Yeah, they think it can turn a beginner dev into an advanced dev, but really it's more like having a team of beginner devs.
It's alright for translation. As an intermediate dev, being able to translate knowledge into languages I'm not as familiar with is nice.
I'm still convinced that GitHub copilot is actively violating copyleft licenses. If not in word, then in the spirit.
they drastically reduce ... quality for short term acceleration
Western society is built on this principle
Tell me about it...
I left my more mature company for a startup.
I feel like Tyler Durden sometimes.
How you liking it? How many years have you aged in the months working at your startup?
My hairline has started receding very rapidly. There's there's these fine hairs all over my desk, and I see the photo I took when joining directly before turning on my camera every meeting.
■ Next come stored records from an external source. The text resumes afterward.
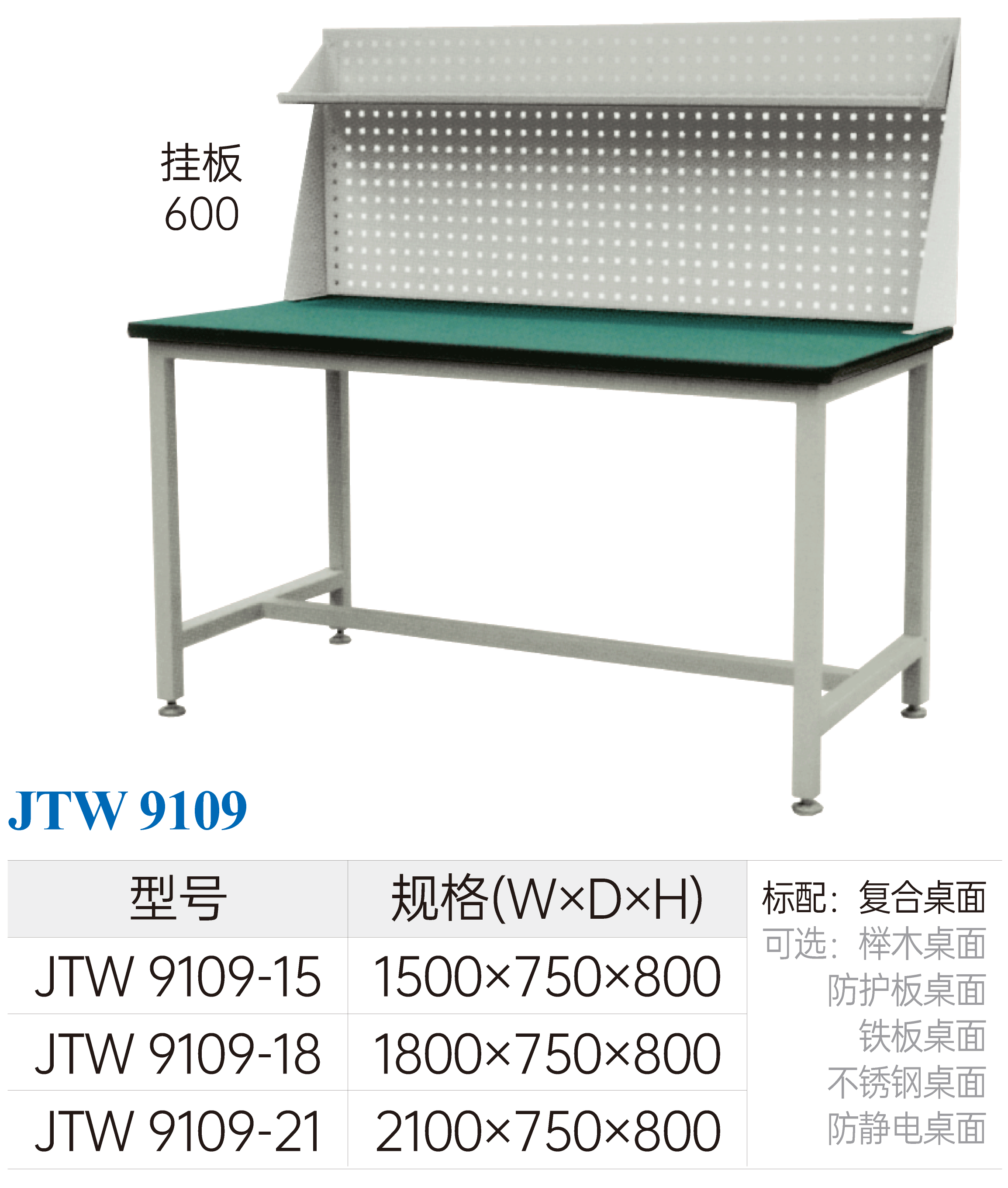 1、工作臺可加裝掛板、電器板、燈架板、棚板等桌上部件。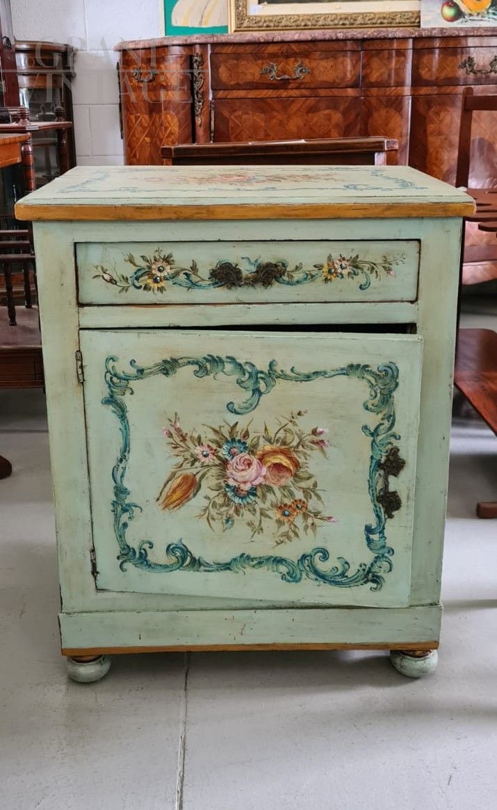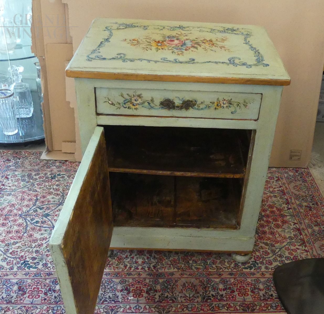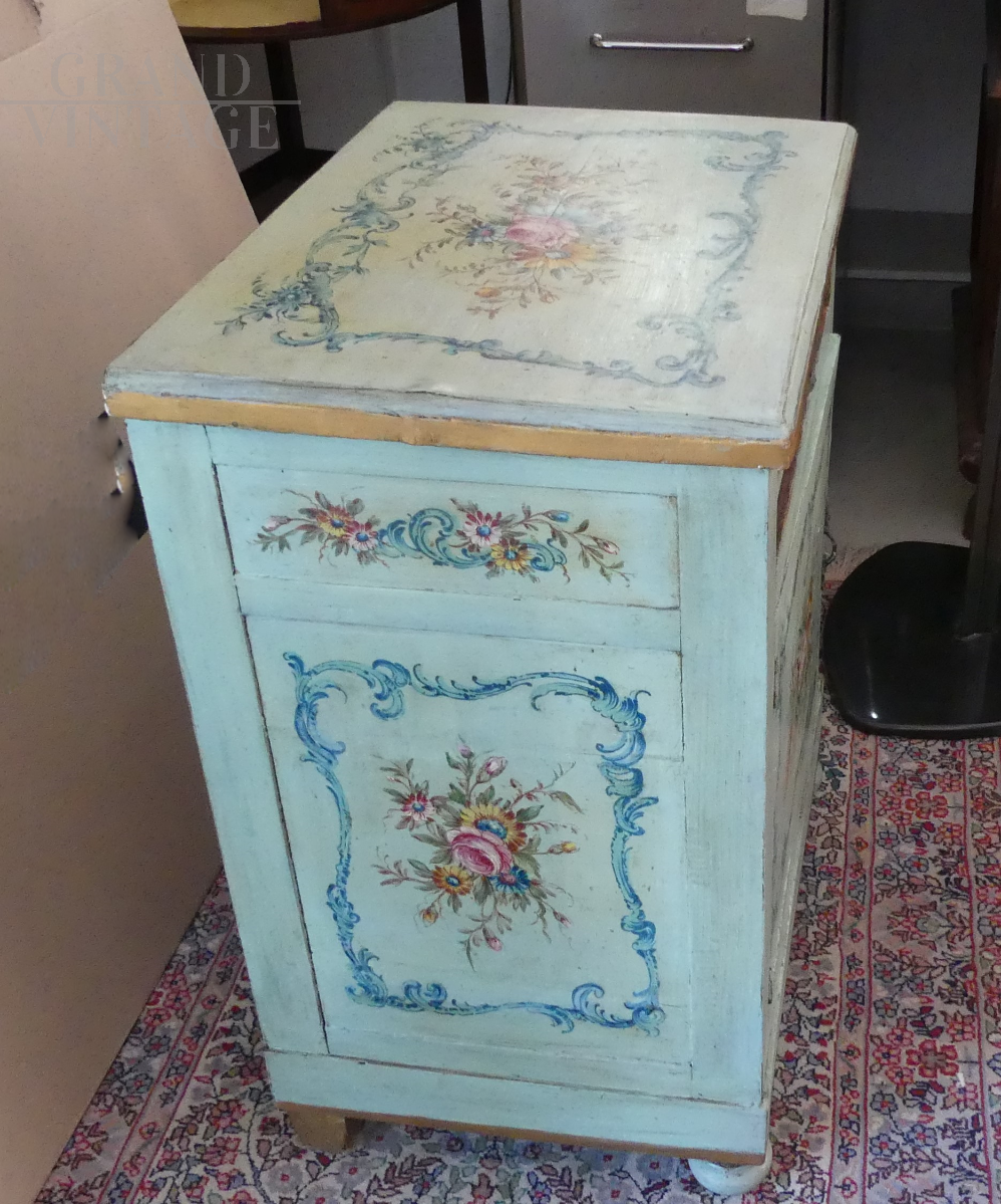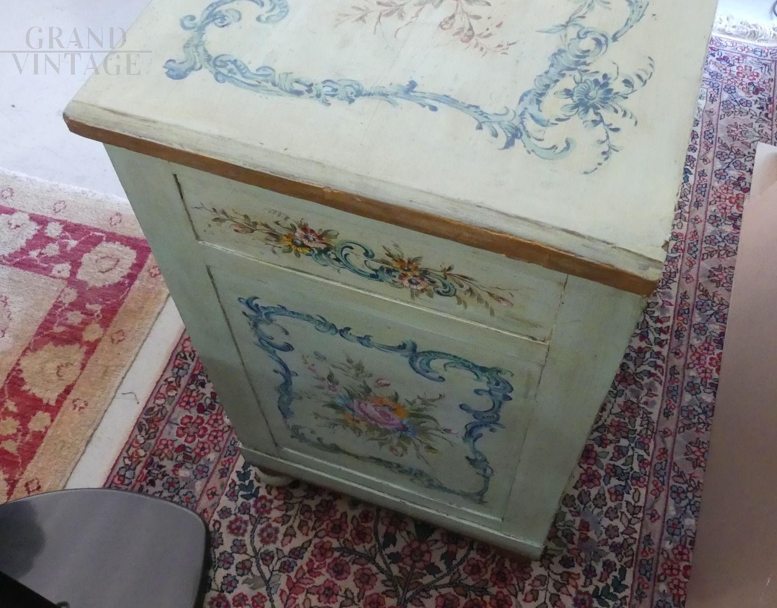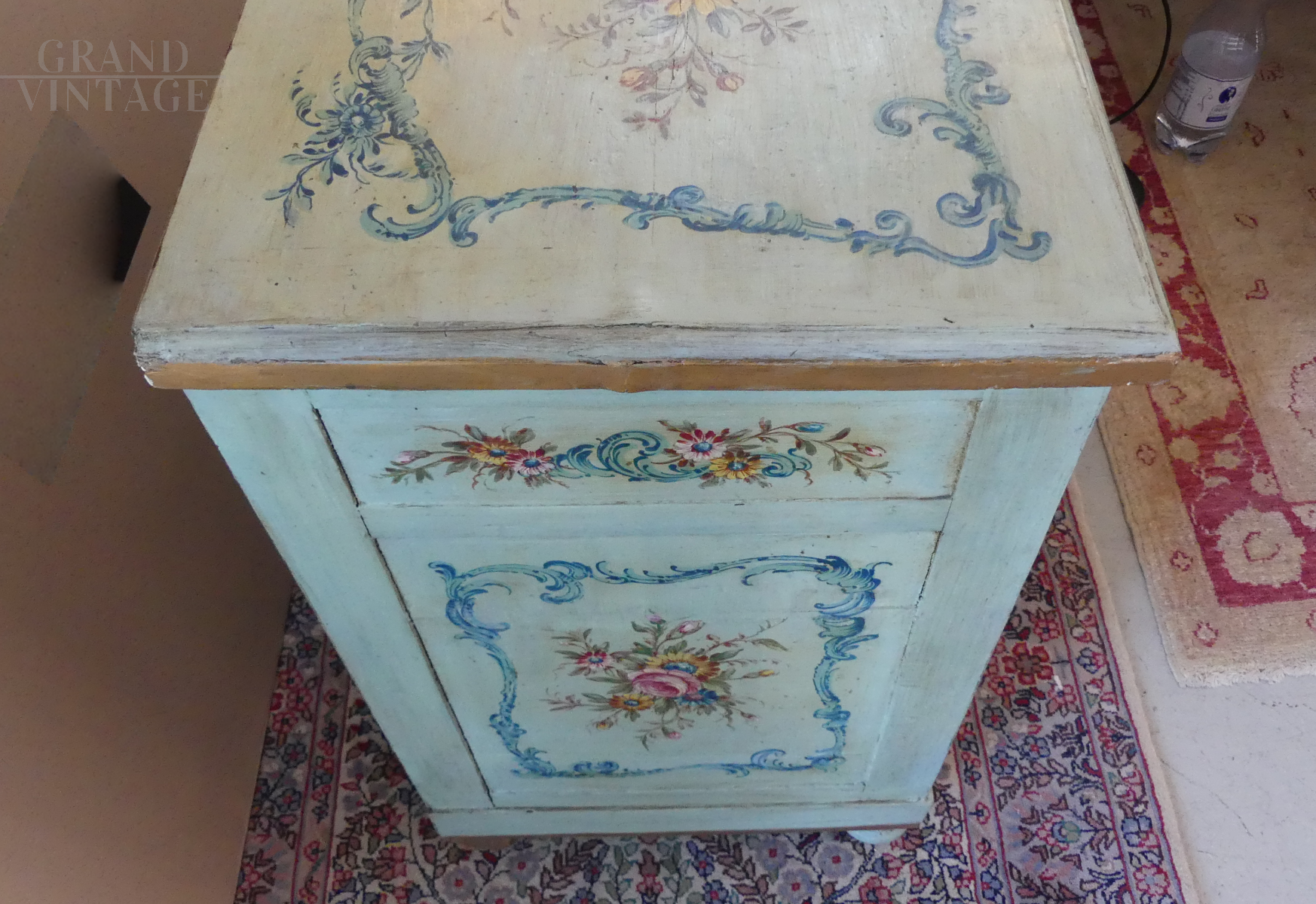 Antique Venetian bedside cabinet in soft fir and walnut wood, lacquered in a very light green color and hand painted with wonderful floral decorations on the top, front and sides.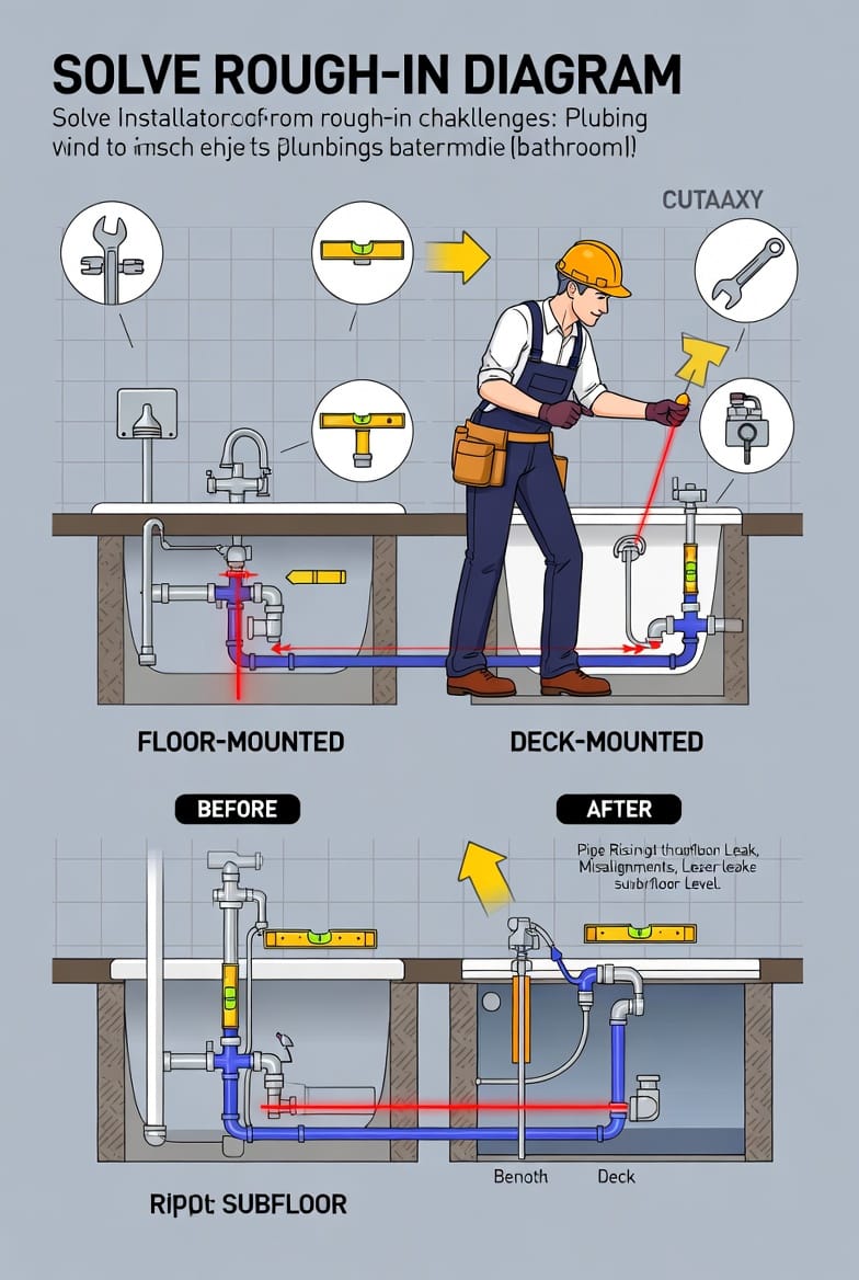 Deck-mounted faucets bypass most of these challenges. The plumber simply connects supply lines beneath the tub after it is set in place. This flexibility is especially valuable in renovations where existing floor joists or concrete slabs limit options.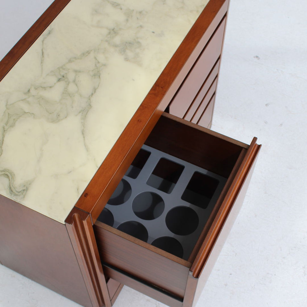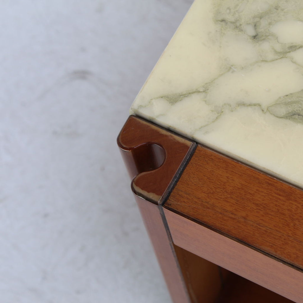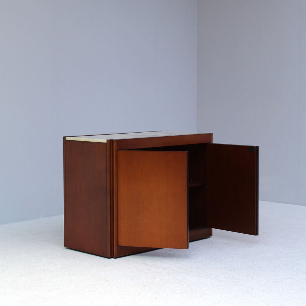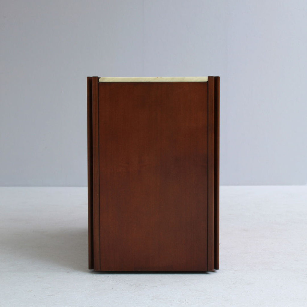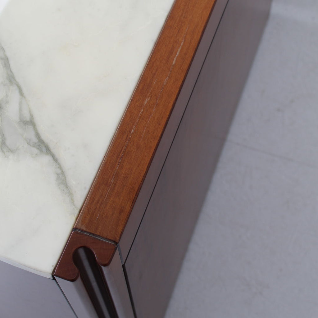 Angelo Mangiarotti가 Molteni를 위해 디자인한 모델 4D 사이드보드 세트와 커피 테이블, 1960년대. 대리석 상판과 견고한 호두나무. 각 조각 아래에 바퀴가 있습니다. 캐비닛 치수: H71.5 x B48 x L95.5 치수표: H36.5 x b95 x L95.5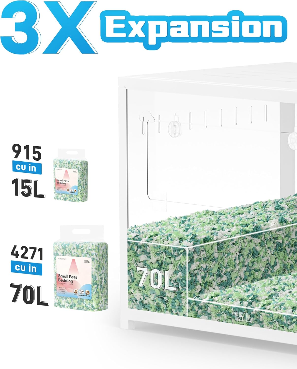 - 𝗝𝘂𝗻𝗴𝗹𝗲 𝗙𝗿𝗲𝘀𝗵 𝗠𝗶𝗻𝘁𝘆 𝗚𝗮𝗿𝗱𝗲𝗻 - 70L BUCATSTATE small animal bedding with up to 3x expansion, you can use less and still cover more space. Brighten up your pet's home with our colorful bedding! It is also like a cloud for your furry friends—soft and perfect for burrowing, tunneling, and nesting. This paw-friendly bedding is ideal for hamsters, gerbils, rats, mice, rabbits, guinea pigs, or chinchillas.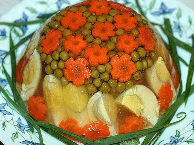 Любое заливное относится к категории холодных закусок, и такие закуски многие хозяйки с удовольствием готовят на праздничный стол. Ведь, если дело касается любого застолья, семейного торжества или банкета, то что может быть лучше этого эффектного, яркого и вкусного угощения. Оно всегда делает стол праздничным, разнообразным и неизменно является украшением любого торжества!

Doesn't sood good at all. I'm sorry to hear that, friend. I really hope there's enough upsides there compared to working at a more mature company for you.
Sort of. Nobody's cutting corners on aviation structural components, for example. We've been pretty good at maximizing general value output, and usually that means lower quality, but not always.
May want to show your roll a bit...
I'm going to say that's the exception that proves the rule, assuming they were structural parts and not a minor controller chip for de-icing or something.
The company themself announced it without being prompted, and if whoever introduce these unapproved parts into a small number of engines is caught there's going to be real hell to pay. The stuff that stops you from falling out of the sky is serious business, and is largely treated as such.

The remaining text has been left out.